Here's another thoughts section. This has been reoccurring in my head for close to two months now.
Thoughts:
Over my past lifetime, I feel like I've done so much and I've learned so many new things. I have skills and capabilities of doing things not many people can do, such as:
Playing instruments (I can play drums, keyboard, bass, and guitar)
Cleaning and fixing computers software-wise.
Typing precise and organized notes (My WPM is 100+).
Creating decent art and video using Adobe Creative Suite.
Maintaining a 3.45 GPA (Average, but not bad).
Have an expanding knowledge in health (I'm subscribed to close to 10+ health-related websites via RSS).
Get complements from peers and professors on my college paper writing.
Have really good hand-eye coordination.
I feel like I'm versatile in a good number of aspects, but ultimately..
I feel like I deserve something...
Something I want or need....
Afterthoughts:
You can call this a very messed up mentality, but hear me out. I'm sure you've felt the same way during some event in your life. You felt like you've done so much and you believe you deserve something at least.
I know that there are people who do so much, yet expect nothing in return. I want to be strong like those people. My current way of thinking is do so much and get a lot in return.
MyConclusion:
Maybe this is all in my head.

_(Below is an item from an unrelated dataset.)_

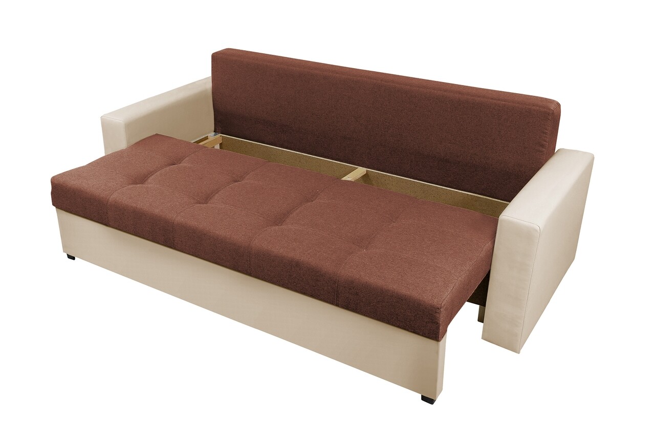 Toledo Kihúzható Kanapé, 226x90x86 cm, tárolóláda, krémszín/barna

Maybe our positive actions do ultimately affect others. Perhaps I'm receiving something indirectly?
The main thing I'm trying to learn is to lower my expectations. Doing all of these things only to receive something specific from another party doesn't sound fun.
Maybe we do receive something unexpectedly different in the long run.. Hmm, this is starting to feel like a very open topic.
If you have anything that's thought provoking about this topic that you want to add, please do.